Line by line, restate the material word for word, omitting any image.

Input data:
========================================
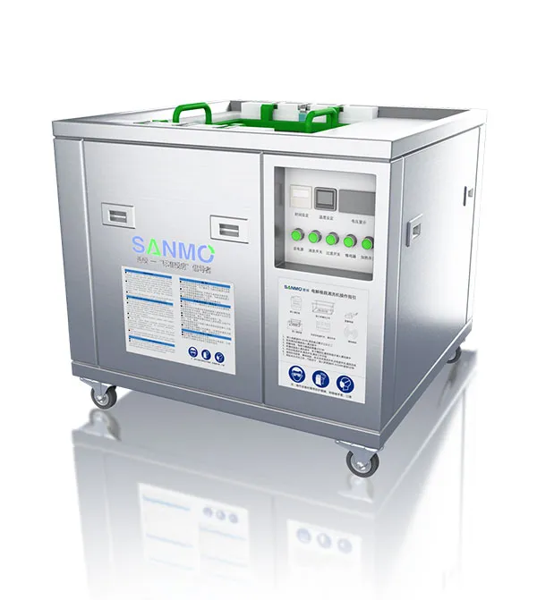 Shanmo's electrolytic mold cleaning machine combines the advantages of electrolysis and ultrasound. The mold is placed at the bottom of the cleaning basket, in contact with the negative electrode. Hydrogen molecules in the electrolyte gather from the positive electrode to the negative electrode. Because hydrogen molecules are the smallest molecules, they can penetrate the dirt adhering to the mold. When electrolysis begins, the hydrogen molecules electrolyze into hydrogen gas, which expands and pushes off the dirt from the mold surface.
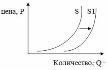На рисунке изображена ситуация на рынке цветов: линия предложения S переместилась в новое положение S1 (P – цена цветка, Q – количество предлагаемых цветов). Это перемещение может быть связано в первую очередь с
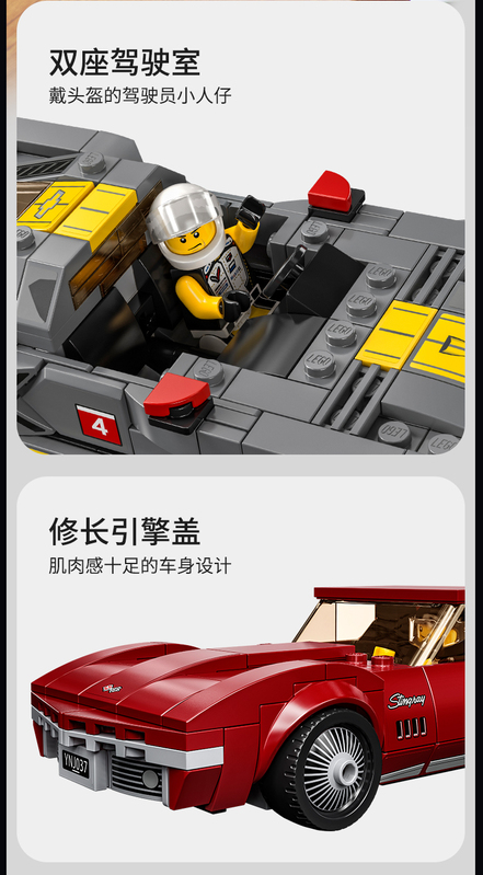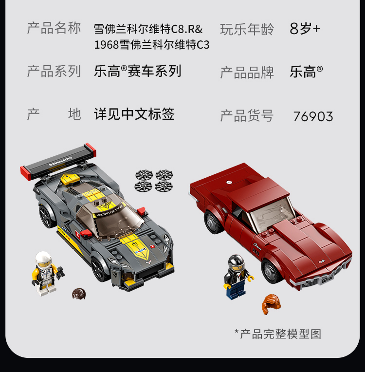 乐高LEGO 雪佛兰Corvette C8.R赛车和1968雪佛兰Corvette LEGC76903
========================================
Response to this exercise:
 Shanmo's electrolytic mold cleaning machine combines the advantages of electrolysis and ultrasound. The mold is placed at the bottom of the cleaning basket, in contact with the negative electrode. Hydrogen molecules in the electrolyte gather from the positive electrode to the negative electrode. Because hydrogen molecules are the smallest molecules, they can penetrate the dirt adhering to the mold. When electrolysis begins, the hydrogen molecules electrolyze into hydrogen gas, which expands and pushes off the dirt from the mold surface.
На рисунке изображена ситуация на рынке цветов: линия предложения S переместилась в новое положение S1 (P – цена цветка, Q – количество предлагаемых цветов). Это перемещение может быть связано в первую очередь с
 乐高LEGO 雪佛兰Corvette C8.R赛车和1968雪佛兰Corvette LEGC76903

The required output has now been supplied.